___ Data for this task
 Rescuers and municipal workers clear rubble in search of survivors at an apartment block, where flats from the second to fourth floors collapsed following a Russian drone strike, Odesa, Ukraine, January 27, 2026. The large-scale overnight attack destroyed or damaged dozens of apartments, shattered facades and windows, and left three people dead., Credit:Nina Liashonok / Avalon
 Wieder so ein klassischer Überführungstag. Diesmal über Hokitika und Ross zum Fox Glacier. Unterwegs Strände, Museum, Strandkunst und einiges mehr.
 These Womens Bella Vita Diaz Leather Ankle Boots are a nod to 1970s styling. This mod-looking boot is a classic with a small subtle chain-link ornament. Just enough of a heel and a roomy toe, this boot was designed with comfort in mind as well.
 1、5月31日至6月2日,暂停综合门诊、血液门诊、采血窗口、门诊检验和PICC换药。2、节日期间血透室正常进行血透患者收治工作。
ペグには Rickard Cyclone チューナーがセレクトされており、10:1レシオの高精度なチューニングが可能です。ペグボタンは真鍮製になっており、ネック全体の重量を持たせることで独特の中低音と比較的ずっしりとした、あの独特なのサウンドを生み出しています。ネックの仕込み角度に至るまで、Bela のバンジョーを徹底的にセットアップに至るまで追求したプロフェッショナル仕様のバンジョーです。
______
___ Data for this task
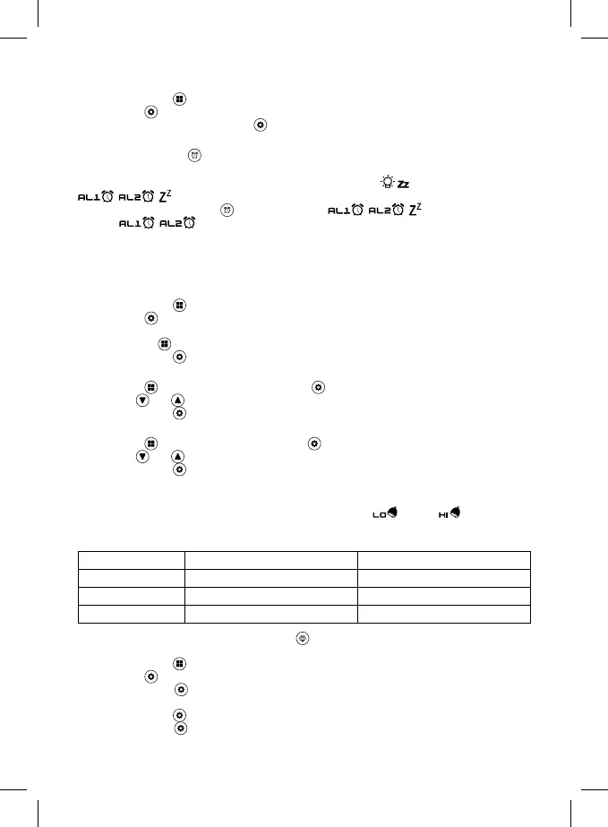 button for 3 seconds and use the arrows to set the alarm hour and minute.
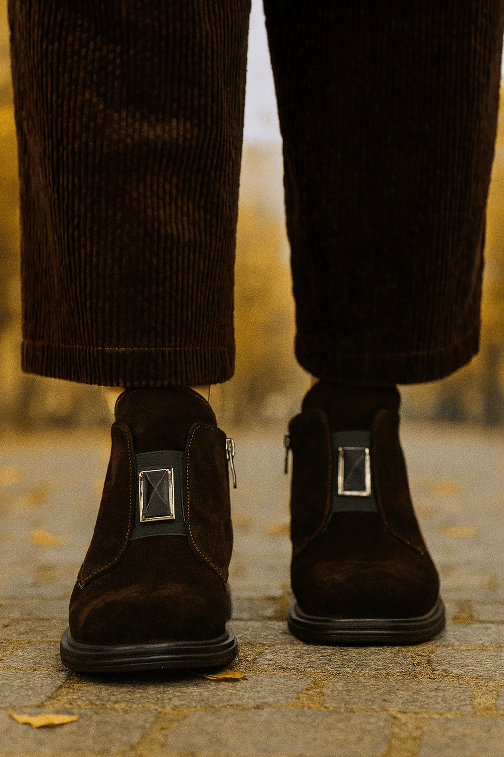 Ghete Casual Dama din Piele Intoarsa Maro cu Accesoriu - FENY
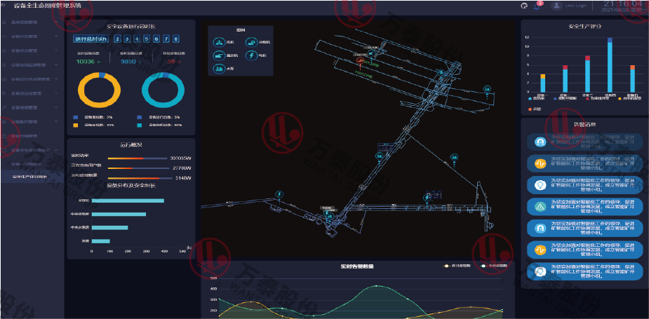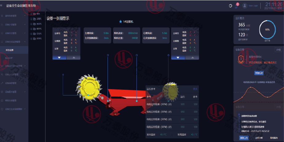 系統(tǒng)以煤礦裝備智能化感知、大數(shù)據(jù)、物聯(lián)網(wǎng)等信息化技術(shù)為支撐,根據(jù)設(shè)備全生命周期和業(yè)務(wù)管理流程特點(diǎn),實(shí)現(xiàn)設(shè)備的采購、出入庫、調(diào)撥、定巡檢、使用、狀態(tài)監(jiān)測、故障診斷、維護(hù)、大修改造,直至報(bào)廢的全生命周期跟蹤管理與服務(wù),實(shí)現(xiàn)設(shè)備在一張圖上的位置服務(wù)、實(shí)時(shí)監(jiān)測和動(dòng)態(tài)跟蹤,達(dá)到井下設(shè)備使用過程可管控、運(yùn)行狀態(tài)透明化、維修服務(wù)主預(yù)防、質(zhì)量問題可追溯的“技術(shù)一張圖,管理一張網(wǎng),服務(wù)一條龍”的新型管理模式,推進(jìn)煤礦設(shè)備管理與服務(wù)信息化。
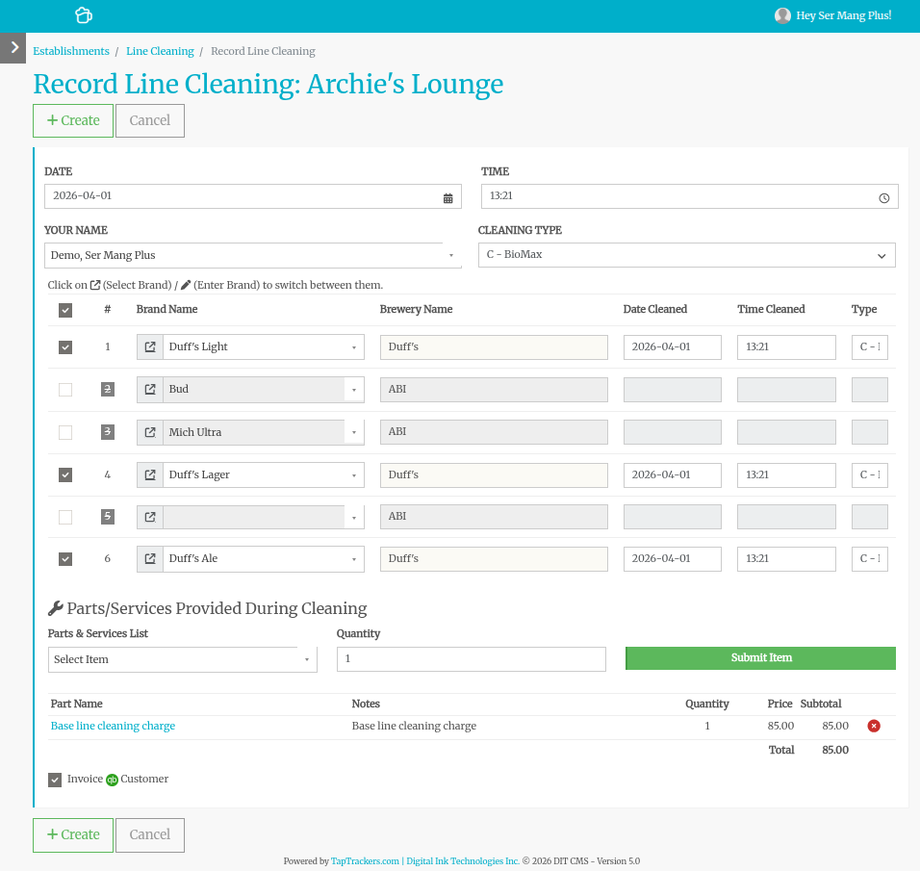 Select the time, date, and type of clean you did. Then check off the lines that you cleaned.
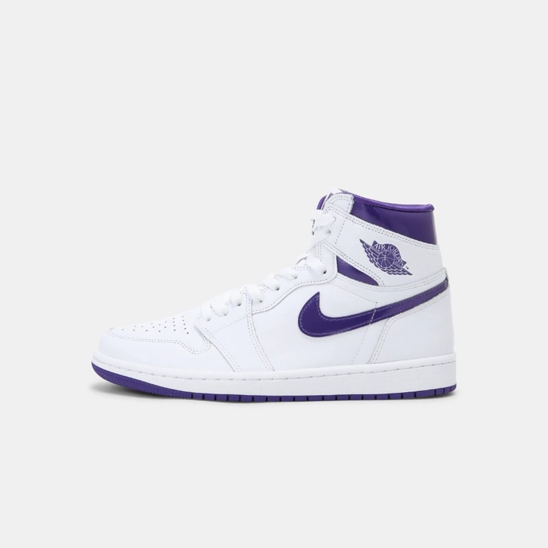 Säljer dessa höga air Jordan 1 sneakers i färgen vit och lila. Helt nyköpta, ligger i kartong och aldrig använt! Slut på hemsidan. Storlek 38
______
___ Data for this task
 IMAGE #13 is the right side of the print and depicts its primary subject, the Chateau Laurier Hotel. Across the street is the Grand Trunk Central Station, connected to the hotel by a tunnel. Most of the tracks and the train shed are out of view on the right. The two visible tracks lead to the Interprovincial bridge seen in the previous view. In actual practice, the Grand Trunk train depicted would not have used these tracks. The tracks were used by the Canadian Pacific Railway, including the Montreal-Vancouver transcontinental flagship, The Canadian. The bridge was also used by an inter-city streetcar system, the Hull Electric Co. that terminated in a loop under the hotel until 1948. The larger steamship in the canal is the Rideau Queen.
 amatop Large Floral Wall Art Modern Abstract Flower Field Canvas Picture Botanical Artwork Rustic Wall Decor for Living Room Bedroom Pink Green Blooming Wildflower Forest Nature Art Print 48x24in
______
* _Exercise instructions_: Please output, exactly as written, the lines above from the one holding "系統(tǒng)以煤礦裝備智" through the one holding "Säljer dessa höga", both included, with the pictures omitted.

* _Your solution_:
 系統(tǒng)以煤礦裝備智能化感知、大數(shù)據(jù)、物聯(lián)網(wǎng)等信息化技術(shù)為支撐,根據(jù)設(shè)備全生命周期和業(yè)務(wù)管理流程特點(diǎn),實(shí)現(xiàn)設(shè)備的采購、出入庫、調(diào)撥、定巡檢、使用、狀態(tài)監(jiān)測、故障診斷、維護(hù)、大修改造,直至報(bào)廢的全生命周期跟蹤管理與服務(wù),實(shí)現(xiàn)設(shè)備在一張圖上的位置服務(wù)、實(shí)時(shí)監(jiān)測和動(dòng)態(tài)跟蹤,達(dá)到井下設(shè)備使用過程可管控、運(yùn)行狀態(tài)透明化、維修服務(wù)主預(yù)防、質(zhì)量問題可追溯的“技術(shù)一張圖,管理一張網(wǎng),服務(wù)一條龍”的新型管理模式,推進(jìn)煤礦設(shè)備管理與服務(wù)信息化。
 Select the time, date, and type of clean you did. Then check off the lines that you cleaned.
 Säljer dessa höga air Jordan 1 sneakers i färgen vit och lila. Helt nyköpta, ligger i kartong och aldrig använt! Slut på hemsidan. Storlek 38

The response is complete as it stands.